Что же касается тоталитарности революции, то «коллективная диктатура над независимым мнением», «духовно омерзительная» атмосфера – это закономерные признаки любого победившего массового движения, в котором всегда есть нечто манихейское, когда в мире существуют только «мы» и «они», «черное и белое». Например, в Венгрии в 1956 году восставшие против сталинистской диктатуры под гуманистическими лозунгами, столкнувшись с сопротивлением, стали вполне негуманно вешать своих противников на фонарях. В августе 91-го в России крайне немодно было защищать ГКЧП, идя против течения (впрочем, тогда у победителей хватило разума не мстить проигравшим, которые тряслись в ожидании расправы). Дух свободы для одной части общества вполне совместим с идейной трагедией для другой.
Но тоталитарность стилистики революции не означает автоматически тоталитарный характер режима, который создается в ее ходе.

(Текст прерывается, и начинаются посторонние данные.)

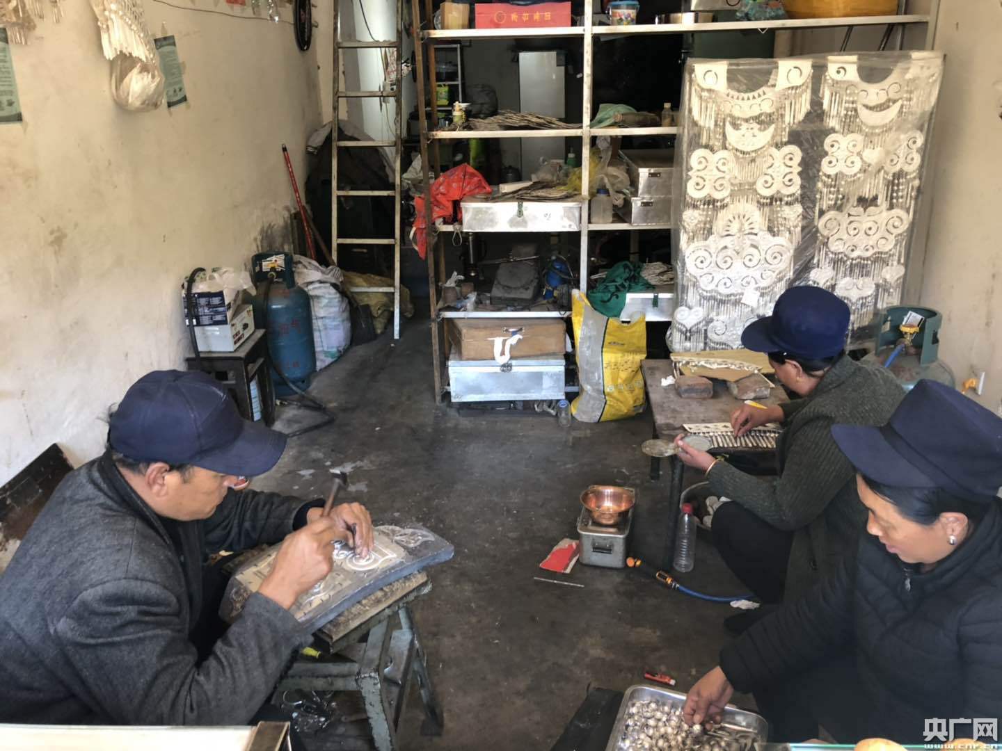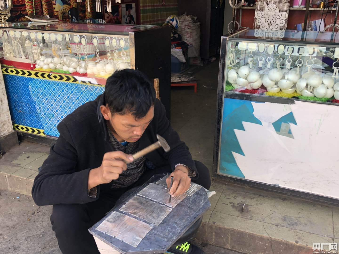 在布拖縣城有一條著名的銀器街,兩旁布滿銀飾店鋪,錘子擊打銅鏨子發(fā)出的“叮叮當(dāng)當(dāng)”聲不絕于耳,銀飾工匠們就在這里日復(fù)一日地用自己的雙手把時(shí)光、歲月打制進(jìn)件件銀器中。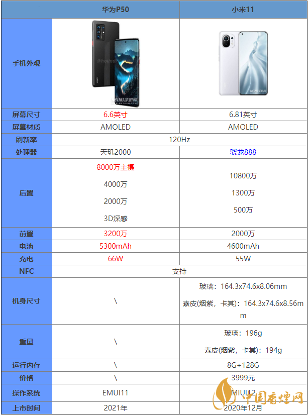 通過上面的介紹,相信大家對(duì)華為P50和小米11有什么區(qū)別以及哪款手機(jī)更值得入手都有了一定了解了,希望對(duì)大家在選擇時(shí)有所幫助。了解更多實(shí)用手機(jī)相關(guān)咨詢,請(qǐng)關(guān)注香煙網(wǎng)。

Через несколько недель или месяцев возбуждение спадает, общество начинает адаптироваться к переменам. Вот здесь и выявляется отличие революций демократических от антидемократических. В одном случае непримиримая тоталитарность все более уступает место толерантности, при этом укрепляются новые властные институты, основанные на политическом плюрализме и уважении к свободам. Право на выражение своих мыслей получают и оппоненты, если, разумеется, они не зовут к топору (в этом, в частности, особенность «бархатных» революций в Центральной Европе в конце 1980-х годов и России 1991 года). В противном случае тоталитарность, напротив, «отвердевает» и становится определяющим признаком нового режима.
По первому пути Россия имела шансы пойти после Февраля – с конституционным царем Михаилом II, опирающимся на лояльные армейские части, благожелательную Думу и консервативную (но не реакционную) провинцию. Не получилось – вместо этого в стране возник хаос, с которым слабое и «несакральное» Временное правительство не смогло совладать. Второй путь стал следствием этого хаоса, который использовали большевики – самая тоталитарная из существовавших в России партий.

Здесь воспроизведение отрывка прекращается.